> **WHAT IS BEING ASKED**
Write out the listing from the line with "Италия, Тоскана, остров" to the line with "活动伊始,校园非遗工坊志愿者", both lines included, exactly and nothing beyond. Leave pictures out.

> **MATERIALS PROVIDED**
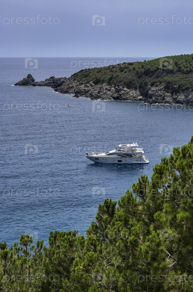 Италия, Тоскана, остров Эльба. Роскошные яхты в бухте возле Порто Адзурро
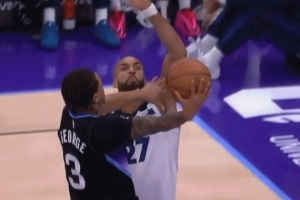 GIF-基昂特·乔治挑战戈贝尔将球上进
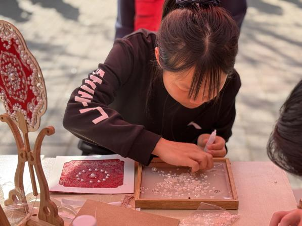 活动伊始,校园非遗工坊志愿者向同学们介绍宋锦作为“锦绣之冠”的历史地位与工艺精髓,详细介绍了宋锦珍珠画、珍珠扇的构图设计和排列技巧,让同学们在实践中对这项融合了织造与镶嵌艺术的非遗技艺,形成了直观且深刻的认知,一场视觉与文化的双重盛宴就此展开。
---
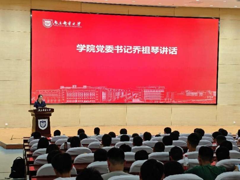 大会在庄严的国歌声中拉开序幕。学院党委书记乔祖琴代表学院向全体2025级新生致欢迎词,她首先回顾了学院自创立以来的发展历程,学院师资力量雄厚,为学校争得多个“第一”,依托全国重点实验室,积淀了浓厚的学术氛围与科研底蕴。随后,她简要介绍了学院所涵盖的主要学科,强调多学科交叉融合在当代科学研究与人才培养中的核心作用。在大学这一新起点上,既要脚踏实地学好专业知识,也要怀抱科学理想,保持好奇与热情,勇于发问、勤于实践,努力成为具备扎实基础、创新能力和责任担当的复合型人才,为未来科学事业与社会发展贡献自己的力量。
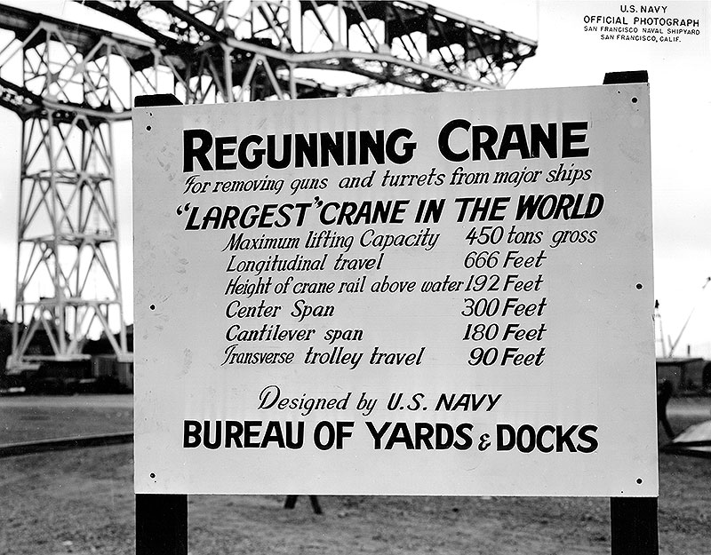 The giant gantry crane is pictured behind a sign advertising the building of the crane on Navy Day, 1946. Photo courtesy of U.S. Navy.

> **EXERCISE RESULT**
 Италия, Тоскана, остров Эльба. Роскошные яхты в бухте возле Порто Адзурро
 GIF-基昂特·乔治挑战戈贝尔将球上进
 活动伊始,校园非遗工坊志愿者向同学们介绍宋锦作为“锦绣之冠”的历史地位与工艺精髓,详细介绍了宋锦珍珠画、珍珠扇的构图设计和排列技巧,让同学们在实践中对这项融合了织造与镶嵌艺术的非遗技艺,形成了直观且深刻的认知,一场视觉与文化的双重盛宴就此展开。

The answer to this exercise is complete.